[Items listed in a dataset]
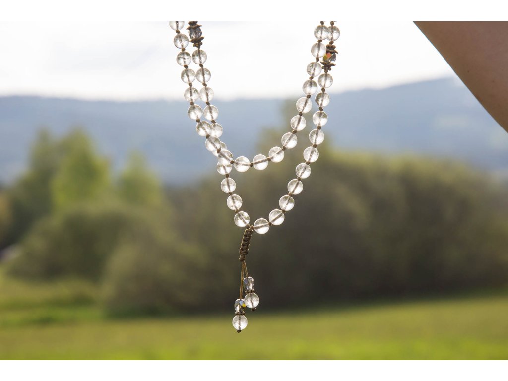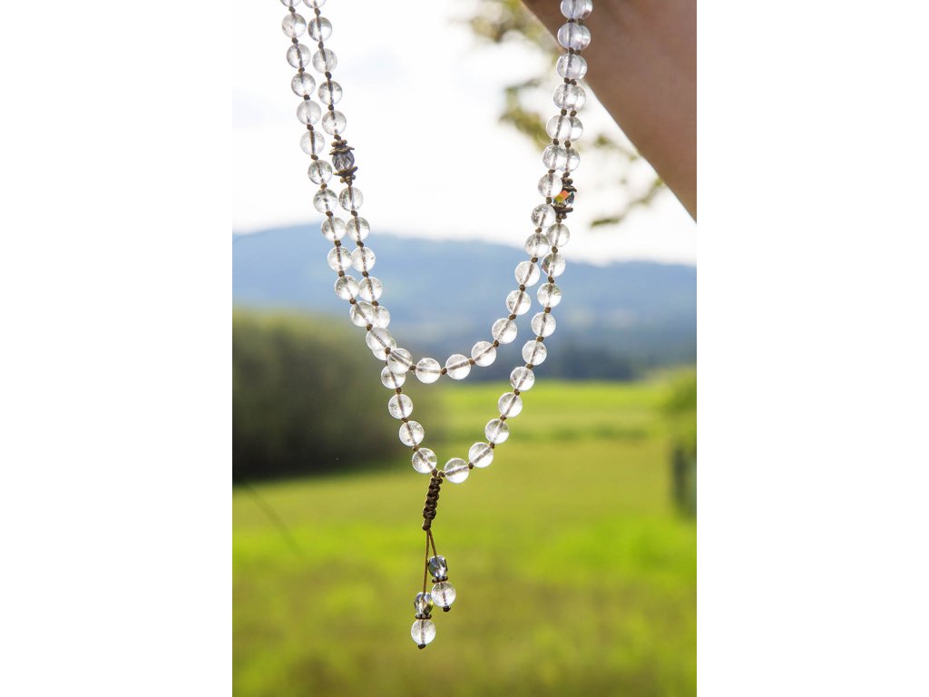 Křišťálová mála 108 Potřebujete jedinečný posilující a uklidňující šperk? Pak je tu tato přenádherná křišťálová mála. Je to úžasný náhrdelník a pro ty z vás, kdo rádi zpíváte mantry, má i praktický přínos. Já jí mám a nemůžu ji pustit z ruky (a krku). Křišťál je jedinečný kámen, který uvádí energii svého nositele do harmonie, zesiluje jí a tím povzbuzuje psychiku, jasnozřivost a samostatnost a sebezdokonalení. Ochraňuje před zlými a negativními silami. Harmonizuje, čistí a chrání auru a tím zajišťuje klidný spánek. Je vhodný pro meditace a magické účely. Obvod cca 60 cmDoplňkové parametry
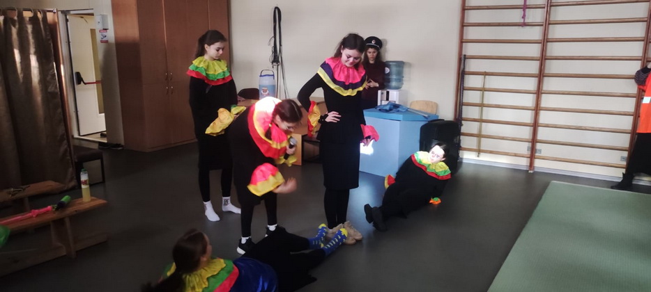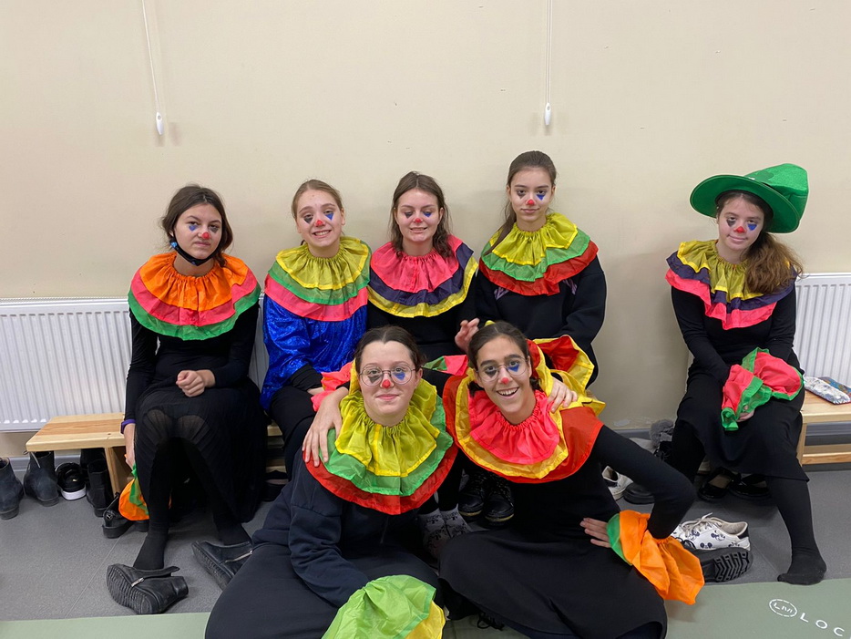 Для младших учениц программа началась с кинуса «Цивос Ашем» – девочки сказали 12 псуким, бросили монетку в цдоку, а затем всех младших девочек ожидал сюрприз – выступление веселых клоунов, которых исполнили ученицы десятого класса.
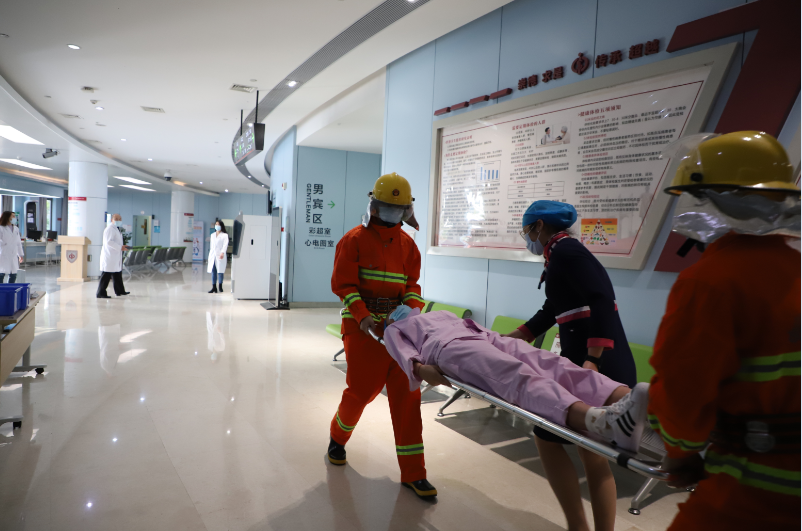保卫科、爱卫办以及安保部接到通知迅速赶到现场,及时控制了火情的蔓延扩大。健康管理中心的救护组积极组织人员向各安全出口疏散,同时在女宾区轮候检查中有一名孕妇,救护组安排专人陪同其安全撤离现场;人员疏散及贵重仪器转运组则对火灾所在区域的重要仪器和资料进行转运,抵达安全地点后,马上进行清点和现场保护。
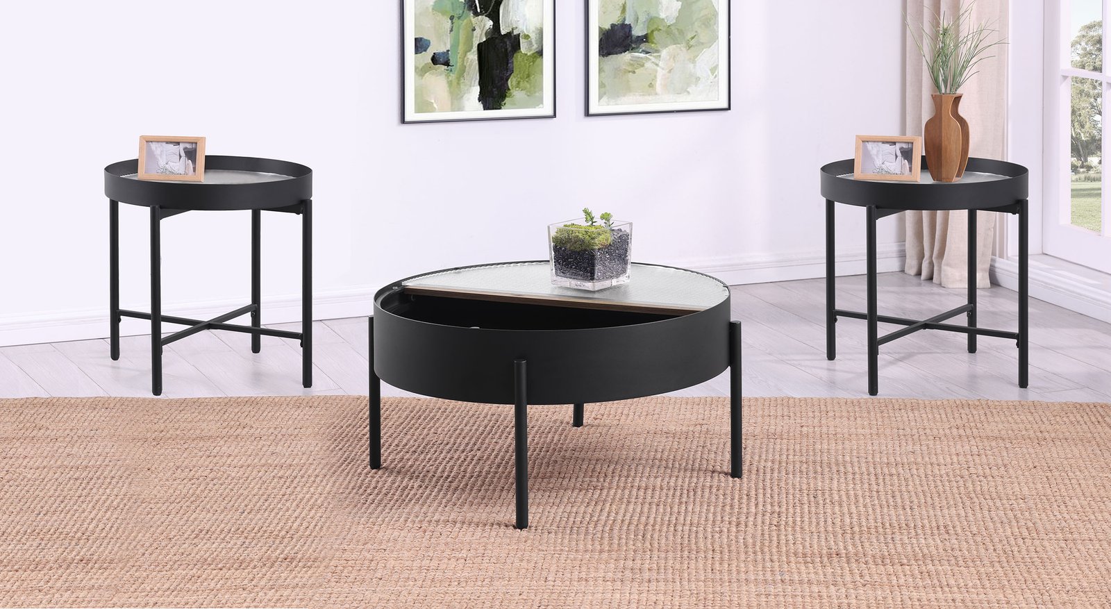 Ozella 3-piece Round Coffee and End Table Set Sandy Black
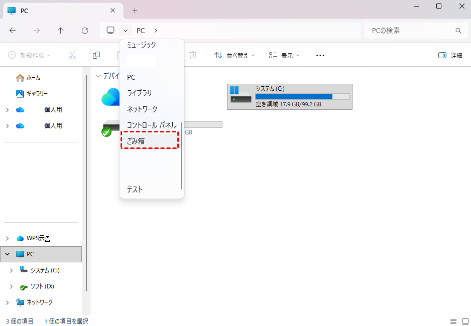 エクスプローラーでも簡単にごみ箱にアクセスできます。「PC」アイコンの横にある展開ボタンをクリックし、「ごみ箱」を選択して開くことができます。
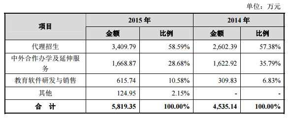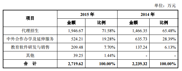 表中,2015年,代理招生为1946.67万元,占比71.58%;中外合作办学及延伸服务为524.21万元,占比19.28%;教育软件研发与销售209.48万元,占比7.70%。

→ **Task item**:
Return every entry word for word, minus the pictures.

→ **Result for this task**:
 Křišťálová mála 108 Potřebujete jedinečný posilující a uklidňující šperk? Pak je tu tato přenádherná křišťálová mála. Je to úžasný náhrdelník a pro ty z vás, kdo rádi zpíváte mantry, má i praktický přínos. Já jí mám a nemůžu ji pustit z ruky (a krku). Křišťál je jedinečný kámen, který uvádí energii svého nositele do harmonie, zesiluje jí a tím povzbuzuje psychiku, jasnozřivost a samostatnost a sebezdokonalení. Ochraňuje před zlými a negativními silami. Harmonizuje, čistí a chrání auru a tím zajišťuje klidný spánek. Je vhodný pro meditace a magické účely. Obvod cca 60 cmDoplňkové parametry
 Для младших учениц программа началась с кинуса «Цивос Ашем» – девочки сказали 12 псуким, бросили монетку в цдоку, а затем всех младших девочек ожидал сюрприз – выступление веселых клоунов, которых исполнили ученицы десятого класса.
保卫科、爱卫办以及安保部接到通知迅速赶到现场,及时控制了火情的蔓延扩大。健康管理中心的救护组积极组织人员向各安全出口疏散,同时在女宾区轮候检查中有一名孕妇,救护组安排专人陪同其安全撤离现场;人员疏散及贵重仪器转运组则对火灾所在区域的重要仪器和资料进行转运,抵达安全地点后,马上进行清点和现场保护。
 Ozella 3-piece Round Coffee and End Table Set Sandy Black
 エクスプローラーでも簡単にごみ箱にアクセスできます。「PC」アイコンの横にある展開ボタンをクリックし、「ごみ箱」を選択して開くことができます。
 表中,2015年,代理招生为1946.67万元,占比71.58%;中外合作办学及延伸服务为524.21万元,占比19.28%;教育软件研发与销售209.48万元,占比7.70%。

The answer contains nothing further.